Under this line are the records; write out word for word the part that begins at the line containing "北部湾海面:17至20日,多" and ends at the line containing "Plakat w ramie", and no more.

Dataset excerpts:
══════

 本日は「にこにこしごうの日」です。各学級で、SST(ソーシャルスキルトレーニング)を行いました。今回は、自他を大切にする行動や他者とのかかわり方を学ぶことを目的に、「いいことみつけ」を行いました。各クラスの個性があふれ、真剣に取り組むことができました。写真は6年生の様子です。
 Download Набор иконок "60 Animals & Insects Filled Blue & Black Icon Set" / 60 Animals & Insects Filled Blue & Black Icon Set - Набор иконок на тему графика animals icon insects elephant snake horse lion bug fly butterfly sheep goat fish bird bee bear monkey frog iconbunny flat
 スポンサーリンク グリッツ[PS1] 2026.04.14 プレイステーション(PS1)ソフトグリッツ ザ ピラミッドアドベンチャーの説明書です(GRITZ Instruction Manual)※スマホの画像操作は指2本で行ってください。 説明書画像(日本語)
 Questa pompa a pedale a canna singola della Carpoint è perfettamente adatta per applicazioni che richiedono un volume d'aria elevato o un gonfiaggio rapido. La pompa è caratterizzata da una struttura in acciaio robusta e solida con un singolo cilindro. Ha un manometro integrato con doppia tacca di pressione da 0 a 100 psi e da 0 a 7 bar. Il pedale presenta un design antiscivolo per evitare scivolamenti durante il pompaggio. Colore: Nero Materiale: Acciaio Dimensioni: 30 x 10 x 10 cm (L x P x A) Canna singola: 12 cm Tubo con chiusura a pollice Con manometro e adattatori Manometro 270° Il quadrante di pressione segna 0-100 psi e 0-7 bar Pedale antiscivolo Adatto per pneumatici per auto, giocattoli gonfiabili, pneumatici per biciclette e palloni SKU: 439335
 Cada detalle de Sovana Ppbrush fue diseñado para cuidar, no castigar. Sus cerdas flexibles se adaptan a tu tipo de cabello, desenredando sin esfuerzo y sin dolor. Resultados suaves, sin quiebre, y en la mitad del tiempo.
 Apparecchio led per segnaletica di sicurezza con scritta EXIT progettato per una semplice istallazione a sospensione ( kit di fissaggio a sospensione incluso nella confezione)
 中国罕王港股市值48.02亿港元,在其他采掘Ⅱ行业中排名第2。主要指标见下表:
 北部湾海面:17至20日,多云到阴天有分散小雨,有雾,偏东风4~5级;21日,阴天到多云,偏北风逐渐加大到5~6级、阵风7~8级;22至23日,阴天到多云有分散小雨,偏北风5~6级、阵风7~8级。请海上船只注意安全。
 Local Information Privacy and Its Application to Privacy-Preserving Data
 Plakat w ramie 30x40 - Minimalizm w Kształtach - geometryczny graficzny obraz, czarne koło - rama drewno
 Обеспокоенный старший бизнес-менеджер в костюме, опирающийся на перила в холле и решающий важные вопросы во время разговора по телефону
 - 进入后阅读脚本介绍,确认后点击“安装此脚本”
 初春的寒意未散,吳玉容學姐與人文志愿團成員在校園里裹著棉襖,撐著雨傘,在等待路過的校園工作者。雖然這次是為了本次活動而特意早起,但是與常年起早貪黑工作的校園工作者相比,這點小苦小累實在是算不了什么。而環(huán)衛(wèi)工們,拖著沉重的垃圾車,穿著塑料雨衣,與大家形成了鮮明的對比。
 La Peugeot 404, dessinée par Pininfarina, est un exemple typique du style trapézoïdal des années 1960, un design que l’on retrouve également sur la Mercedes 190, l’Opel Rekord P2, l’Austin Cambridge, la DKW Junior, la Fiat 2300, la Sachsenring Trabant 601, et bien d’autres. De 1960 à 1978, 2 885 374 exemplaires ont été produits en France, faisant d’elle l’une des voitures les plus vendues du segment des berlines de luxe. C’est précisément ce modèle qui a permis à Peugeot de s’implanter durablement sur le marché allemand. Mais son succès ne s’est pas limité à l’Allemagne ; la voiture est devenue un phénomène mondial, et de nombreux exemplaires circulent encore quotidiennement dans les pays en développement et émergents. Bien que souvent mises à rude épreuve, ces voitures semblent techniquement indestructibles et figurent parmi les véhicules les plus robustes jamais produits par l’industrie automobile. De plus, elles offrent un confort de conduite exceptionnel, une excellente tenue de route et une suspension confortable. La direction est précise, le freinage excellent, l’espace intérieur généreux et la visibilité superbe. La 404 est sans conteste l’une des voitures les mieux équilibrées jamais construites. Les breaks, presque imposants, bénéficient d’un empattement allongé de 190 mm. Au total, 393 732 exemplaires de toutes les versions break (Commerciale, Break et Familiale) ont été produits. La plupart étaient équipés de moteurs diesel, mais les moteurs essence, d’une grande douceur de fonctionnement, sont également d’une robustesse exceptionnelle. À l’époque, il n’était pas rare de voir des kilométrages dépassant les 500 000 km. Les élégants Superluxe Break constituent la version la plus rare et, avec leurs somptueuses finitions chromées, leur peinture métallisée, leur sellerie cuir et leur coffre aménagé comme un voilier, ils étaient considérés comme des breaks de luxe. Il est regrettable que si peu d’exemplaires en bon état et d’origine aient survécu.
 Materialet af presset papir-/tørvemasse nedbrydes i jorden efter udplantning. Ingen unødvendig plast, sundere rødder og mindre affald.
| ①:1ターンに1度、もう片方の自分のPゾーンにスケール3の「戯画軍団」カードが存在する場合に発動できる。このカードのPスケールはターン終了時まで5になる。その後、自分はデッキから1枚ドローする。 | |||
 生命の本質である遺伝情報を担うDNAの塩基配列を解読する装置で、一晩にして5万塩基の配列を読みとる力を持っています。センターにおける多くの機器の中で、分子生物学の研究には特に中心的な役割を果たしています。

══════

§ Reply to the exercise:
 北部湾海面:17至20日,多云到阴天有分散小雨,有雾,偏东风4~5级;21日,阴天到多云,偏北风逐渐加大到5~6级、阵风7~8级;22至23日,阴天到多云有分散小雨,偏北风5~6级、阵风7~8级。请海上船只注意安全。
 Local Information Privacy and Its Application to Privacy-Preserving Data
 Plakat w ramie 30x40 - Minimalizm w Kształtach - geometryczny graficzny obraz, czarne koło - rama drewno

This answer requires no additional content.